• Task instructions:
Reproduce, word for word, the lines in the material below starting with the one that has "旧年中は、西宮警察署の活動に" and going on through the one that has "反复的定稿改稿,专家会谈再到". Leave out all pictures.

• Record excerpts:

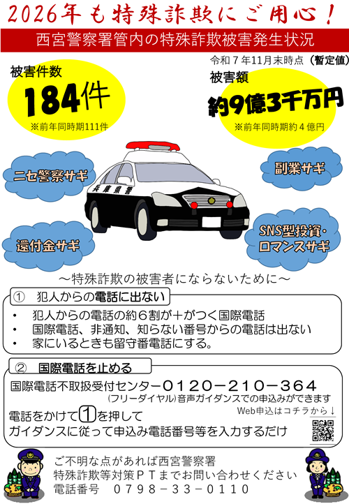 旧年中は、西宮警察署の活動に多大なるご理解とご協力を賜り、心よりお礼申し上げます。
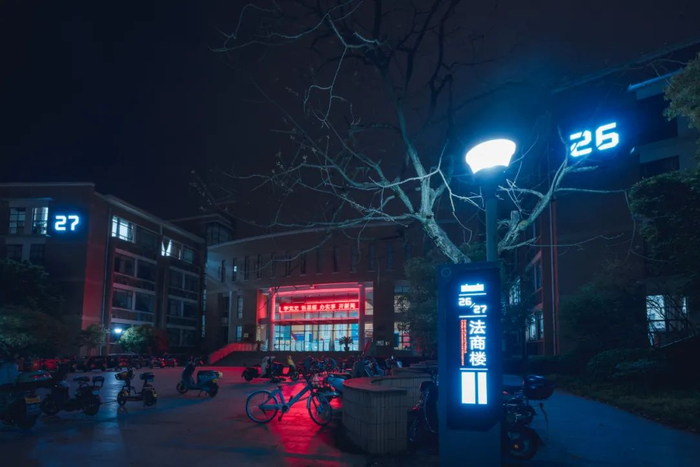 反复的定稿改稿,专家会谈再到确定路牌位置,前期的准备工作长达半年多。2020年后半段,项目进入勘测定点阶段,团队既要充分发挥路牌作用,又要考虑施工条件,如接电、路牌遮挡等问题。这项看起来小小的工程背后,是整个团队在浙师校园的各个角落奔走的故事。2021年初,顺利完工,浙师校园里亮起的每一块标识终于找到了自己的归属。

* * *

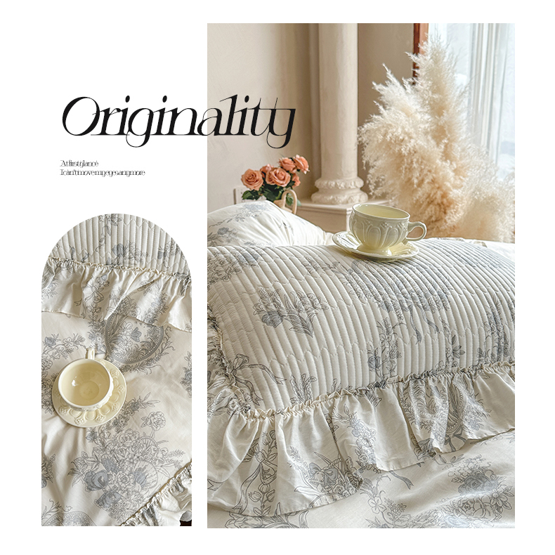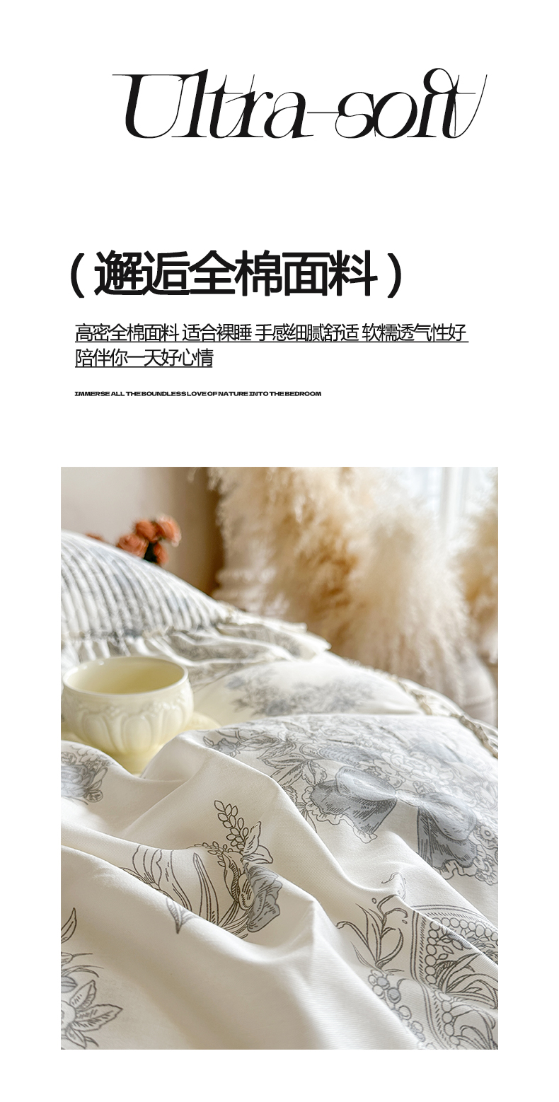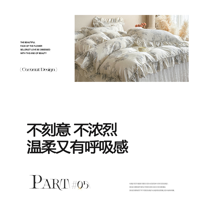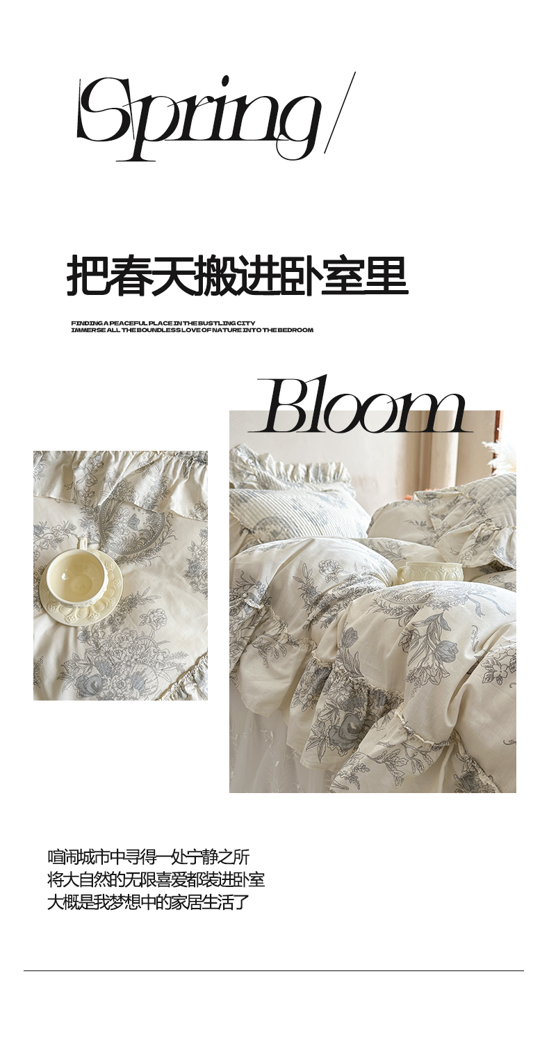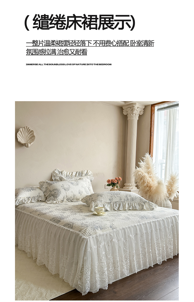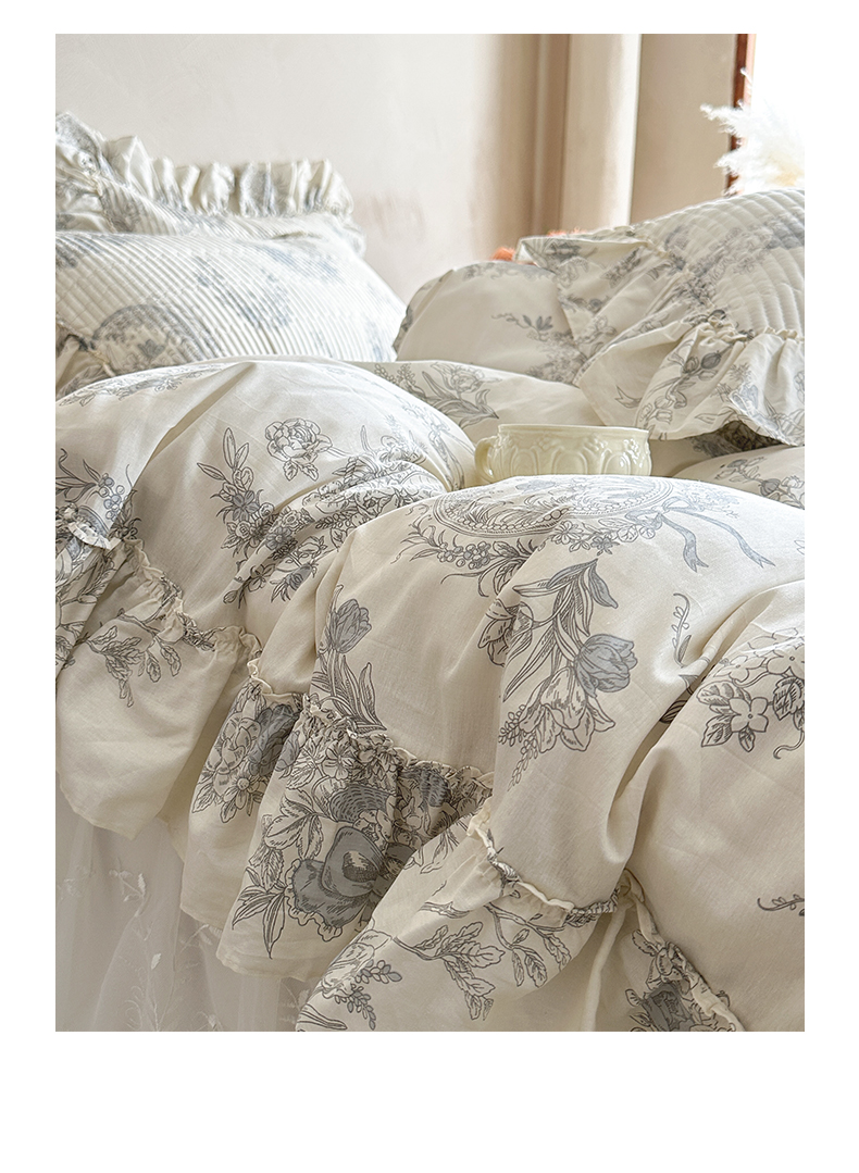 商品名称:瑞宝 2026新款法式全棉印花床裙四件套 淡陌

---

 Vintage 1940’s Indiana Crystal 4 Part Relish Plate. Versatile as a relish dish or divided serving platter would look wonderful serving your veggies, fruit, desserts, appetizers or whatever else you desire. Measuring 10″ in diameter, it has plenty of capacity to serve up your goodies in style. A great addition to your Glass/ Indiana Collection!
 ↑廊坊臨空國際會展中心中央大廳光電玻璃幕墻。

• Written response:
 旧年中は、西宮警察署の活動に多大なるご理解とご協力を賜り、心よりお礼申し上げます。
 反复的定稿改稿,专家会谈再到确定路牌位置,前期的准备工作长达半年多。2020年后半段,项目进入勘测定点阶段,团队既要充分发挥路牌作用,又要考虑施工条件,如接电、路牌遮挡等问题。这项看起来小小的工程背后,是整个团队在浙师校园的各个角落奔走的故事。2021年初,顺利完工,浙师校园里亮起的每一块标识终于找到了自己的归属。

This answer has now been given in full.